▶ [Required work]
In the listing below, start your output at the line with "A unique hand-carved" and end it after the line with "iPhone 17 Pro", copying every line exactly.

▶ [Data for processing]
* * * * *

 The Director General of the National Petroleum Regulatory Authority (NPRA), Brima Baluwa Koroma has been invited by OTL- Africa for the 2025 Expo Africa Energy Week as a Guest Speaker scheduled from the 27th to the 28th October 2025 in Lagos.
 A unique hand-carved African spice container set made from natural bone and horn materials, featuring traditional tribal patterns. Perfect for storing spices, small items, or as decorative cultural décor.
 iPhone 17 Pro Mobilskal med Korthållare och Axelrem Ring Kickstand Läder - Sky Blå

* * * * *

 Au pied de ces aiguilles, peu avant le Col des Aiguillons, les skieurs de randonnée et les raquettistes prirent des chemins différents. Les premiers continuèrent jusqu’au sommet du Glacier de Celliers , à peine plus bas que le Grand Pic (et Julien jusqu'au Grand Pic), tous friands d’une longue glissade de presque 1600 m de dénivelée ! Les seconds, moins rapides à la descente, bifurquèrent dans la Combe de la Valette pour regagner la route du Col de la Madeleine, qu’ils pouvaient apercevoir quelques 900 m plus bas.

* * * * *

▶ [Task result]
 A unique hand-carved African spice container set made from natural bone and horn materials, featuring traditional tribal patterns. Perfect for storing spices, small items, or as decorative cultural décor.
 iPhone 17 Pro Mobilskal med Korthållare och Axelrem Ring Kickstand Läder - Sky Blå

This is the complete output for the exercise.